WORK INSTRUCTIONS: Each record must appear in the answer exactly as it does in the data.

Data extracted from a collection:
·····
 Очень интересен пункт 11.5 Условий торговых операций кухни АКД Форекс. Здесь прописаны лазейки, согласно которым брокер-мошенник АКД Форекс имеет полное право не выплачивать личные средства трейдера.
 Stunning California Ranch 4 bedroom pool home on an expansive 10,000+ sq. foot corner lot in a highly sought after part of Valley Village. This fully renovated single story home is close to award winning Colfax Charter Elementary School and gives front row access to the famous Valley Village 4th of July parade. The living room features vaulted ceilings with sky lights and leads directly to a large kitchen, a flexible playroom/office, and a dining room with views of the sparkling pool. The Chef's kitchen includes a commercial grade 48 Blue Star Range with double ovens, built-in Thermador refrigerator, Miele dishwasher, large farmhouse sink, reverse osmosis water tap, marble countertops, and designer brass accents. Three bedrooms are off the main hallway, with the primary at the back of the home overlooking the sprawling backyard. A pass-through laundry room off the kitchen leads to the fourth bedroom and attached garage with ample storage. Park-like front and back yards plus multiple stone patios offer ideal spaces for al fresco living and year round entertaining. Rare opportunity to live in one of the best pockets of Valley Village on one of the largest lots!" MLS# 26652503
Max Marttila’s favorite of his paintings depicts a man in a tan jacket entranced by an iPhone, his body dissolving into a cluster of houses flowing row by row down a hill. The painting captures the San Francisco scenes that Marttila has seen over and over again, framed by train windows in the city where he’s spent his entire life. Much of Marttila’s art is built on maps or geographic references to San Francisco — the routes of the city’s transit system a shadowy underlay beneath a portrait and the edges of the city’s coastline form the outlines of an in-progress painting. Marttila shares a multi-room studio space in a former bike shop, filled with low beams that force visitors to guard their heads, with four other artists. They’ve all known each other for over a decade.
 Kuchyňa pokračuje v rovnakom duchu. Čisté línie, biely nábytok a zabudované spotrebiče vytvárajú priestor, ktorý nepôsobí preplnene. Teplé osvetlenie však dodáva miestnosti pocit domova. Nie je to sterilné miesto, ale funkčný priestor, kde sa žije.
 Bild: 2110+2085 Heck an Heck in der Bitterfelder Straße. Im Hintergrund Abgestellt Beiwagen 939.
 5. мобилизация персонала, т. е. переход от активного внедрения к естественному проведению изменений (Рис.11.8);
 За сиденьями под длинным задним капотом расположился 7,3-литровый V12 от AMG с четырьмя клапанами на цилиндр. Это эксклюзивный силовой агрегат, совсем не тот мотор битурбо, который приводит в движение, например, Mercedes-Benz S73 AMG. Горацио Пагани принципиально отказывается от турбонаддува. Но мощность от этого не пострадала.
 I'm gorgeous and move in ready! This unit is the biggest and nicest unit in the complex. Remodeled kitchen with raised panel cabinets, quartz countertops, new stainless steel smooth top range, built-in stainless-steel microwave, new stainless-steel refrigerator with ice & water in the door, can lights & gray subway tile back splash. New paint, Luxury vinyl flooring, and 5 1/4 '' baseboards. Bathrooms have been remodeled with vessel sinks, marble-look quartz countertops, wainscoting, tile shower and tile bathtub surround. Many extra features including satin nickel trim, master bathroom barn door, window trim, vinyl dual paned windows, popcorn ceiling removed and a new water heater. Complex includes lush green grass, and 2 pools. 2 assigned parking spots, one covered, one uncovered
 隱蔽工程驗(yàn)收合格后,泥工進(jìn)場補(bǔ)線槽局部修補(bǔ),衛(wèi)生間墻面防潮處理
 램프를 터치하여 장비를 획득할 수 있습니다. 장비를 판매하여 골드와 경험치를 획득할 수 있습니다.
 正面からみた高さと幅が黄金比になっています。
·····
EXERCISE SOLUTION:
 Очень интересен пункт 11.5 Условий торговых операций кухни АКД Форекс. Здесь прописаны лазейки, согласно которым брокер-мошенник АКД Форекс имеет полное право не выплачивать личные средства трейдера.
 Stunning California Ranch 4 bedroom pool home on an expansive 10,000+ sq. foot corner lot in a highly sought after part of Valley Village. This fully renovated single story home is close to award winning Colfax Charter Elementary School and gives front row access to the famous Valley Village 4th of July parade. The living room features vaulted ceilings with sky lights and leads directly to a large kitchen, a flexible playroom/office, and a dining room with views of the sparkling pool. The Chef's kitchen includes a commercial grade 48 Blue Star Range with double ovens, built-in Thermador refrigerator, Miele dishwasher, large farmhouse sink, reverse osmosis water tap, marble countertops, and designer brass accents. Three bedrooms are off the main hallway, with the primary at the back of the home overlooking the sprawling backyard. A pass-through laundry room off the kitchen leads to the fourth bedroom and attached garage with ample storage. Park-like front and back yards plus multiple stone patios offer ideal spaces for al fresco living and year round entertaining. Rare opportunity to live in one of the best pockets of Valley Village on one of the largest lots!" MLS# 26652503
Max Marttila’s favorite of his paintings depicts a man in a tan jacket entranced by an iPhone, his body dissolving into a cluster of houses flowing row by row down a hill. The painting captures the San Francisco scenes that Marttila has seen over and over again, framed by train windows in the city where he’s spent his entire life. Much of Marttila’s art is built on maps or geographic references to San Francisco — the routes of the city’s transit system a shadowy underlay beneath a portrait and the edges of the city’s coastline form the outlines of an in-progress painting. Marttila shares a multi-room studio space in a former bike shop, filled with low beams that force visitors to guard their heads, with four other artists. They’ve all known each other for over a decade.
 Kuchyňa pokračuje v rovnakom duchu. Čisté línie, biely nábytok a zabudované spotrebiče vytvárajú priestor, ktorý nepôsobí preplnene. Teplé osvetlenie však dodáva miestnosti pocit domova. Nie je to sterilné miesto, ale funkčný priestor, kde sa žije.
 Bild: 2110+2085 Heck an Heck in der Bitterfelder Straße. Im Hintergrund Abgestellt Beiwagen 939.
 5. мобилизация персонала, т. е. переход от активного внедрения к естественному проведению изменений (Рис.11.8);
 За сиденьями под длинным задним капотом расположился 7,3-литровый V12 от AMG с четырьмя клапанами на цилиндр. Это эксклюзивный силовой агрегат, совсем не тот мотор битурбо, который приводит в движение, например, Mercedes-Benz S73 AMG. Горацио Пагани принципиально отказывается от турбонаддува. Но мощность от этого не пострадала.
 I'm gorgeous and move in ready! This unit is the biggest and nicest unit in the complex. Remodeled kitchen with raised panel cabinets, quartz countertops, new stainless steel smooth top range, built-in stainless-steel microwave, new stainless-steel refrigerator with ice & water in the door, can lights & gray subway tile back splash. New paint, Luxury vinyl flooring, and 5 1/4 '' baseboards. Bathrooms have been remodeled with vessel sinks, marble-look quartz countertops, wainscoting, tile shower and tile bathtub surround. Many extra features including satin nickel trim, master bathroom barn door, window trim, vinyl dual paned windows, popcorn ceiling removed and a new water heater. Complex includes lush green grass, and 2 pools. 2 assigned parking spots, one covered, one uncovered
 隱蔽工程驗(yàn)收合格后,泥工進(jìn)場補(bǔ)線槽局部修補(bǔ),衛(wèi)生間墻面防潮處理
 램프를 터치하여 장비를 획득할 수 있습니다. 장비를 판매하여 골드와 경험치를 획득할 수 있습니다.
 正面からみた高さと幅が黄金比になっています。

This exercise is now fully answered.